Charlie Pearce: Rapist who bludgeoned victim with paving slab and left her for dead sentenced to 11 years in prison

Teenager guilty of attempted murder, leaving victim’s life ‘hanging by a thread’

Harriet Agerholm
Friday 16 February 2018 16:39 GMT
Pearce carried out the attack on the woman on his 17th birthday in July last year, having researched rape online
Pearce carried out the attack on the woman on his 17th birthday in July last year, having researched rape online (Leicestershire Police/PA)

Convicted rapist Charlie Pearce, who bludgeoned a woman with a paving slab and left her for dead in Leicester, has been sentenced to a minimum of 11 years in prison.

Pearce carried out the attack on his 17th birthday in July last year, after researching rape online.

He denied meaning to kill the woman, but admitted two counts of rape, causing grievous bodily harm with intent and stealing her handbag.

Following a trial at Leicester Crown Court, he was found guilty of attempted murder, having left his victim with her life “hanging by a thread”.

Sentencing Pearce to life with a minimum term of 11 years at the Old Bailey, Justice Haddon-Cave said Pearce was “exceptionally dangerous” and attacked the woman with “animalistic savagery”.

Mr Haddon-Cave said Pearce had carried out a “predatory attack” with a sexual or sadistic nature and had “intended to silence the victim forever”.

He said: “The defendant set out that evening to mark his 17th birthday to find a woman to attack and violently rape.

“He can be seen on CCTV circling the park and hunting [the victim] down as she walked through the park. The attack itself was of animalistic savagery. The offending was exceptionally serious.”

The court heard Pearce had dragged the victim into undergrowth in Leicester’s Victoria Park and hit her over the head with a concrete slab.

The start of his attack was witnessed by youths in the park nearby who called police. But a police patrol was unable to find anything because they could not give a precise location, the court heard.
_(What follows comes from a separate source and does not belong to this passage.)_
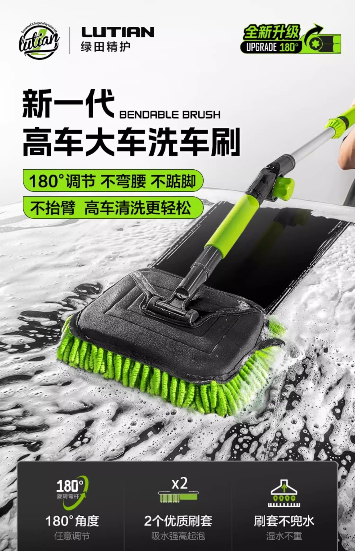 그린필드 특수 접이식 세차용 브러시, 3단 접이식, 부드러운 솔로 세차, 자동차 도색 손상 없음, 탈부착 및 굽힘 가능스토어 가기

About an hour later, a passing cyclist saw a pool of fresh blood and a hair clip on the ground.

The judge said she showed great bravery in going into the bushes to investigate and comfort the victim before emergency services arrived.

The victim, in her twenties, was rushed to hospital with horrific head injuries.

The following day, police circulated a “remarkably clear” CCTV image of Pearce, running towards her holding the slab.

His family recognised him and contacted police following the media appeal.

The victim awoke from a coma weeks later, unaware of what had happened.

In a statement read out at the Old Bailey before sentencing, she said she was left “mentally and physically scarred” by the incident.

“I do not remember screaming when I was assaulted though I am aware that screams were reported to the police by various people that night.

“My screams did not stop my attacker from causing me further harm and nor did they help me be found so I could receive medical care I needed.

“Knowing that my screams did not change anything for me that night continues to trouble me.”

She described how her life and ambitions had been “put on hold by Charlie Pearce’s criminal actions”.

“The six months which have now passed since I was discharged from hospital amounts to an ongoing period of time that can never be gotten back, time which has been taken from me and from how I live my life, without my permission and against my wishes.

“I am reminded on a daily basis – and sometimes multiple times a day – of the extensive trauma my body has endured and my mind cannot remember happening to me.”

Pearce’s victim said she still suffers from jaw pain, loss of hearing in her right ear and has bald patches.

They were all “physical reminders of the damage that was done to me by a complete stranger when I was walking home,” she said.

She went on: “I am mentally scarred as well as physically scarred. I have had thoughts about hurting myself and ending my life because I feel that I cannot live with the knowledge I have that what happened to me has happened to me.”

In mitigation, Phillip Bradley QC said: “She was the innocent victim of violence that was as gratuitous as it was unprovoked.” Pearce accepted he was “entirely responsible” for that violence, he said.

The seven-and-a-half years’ custody for the rapes will run concurrently to his life sentence.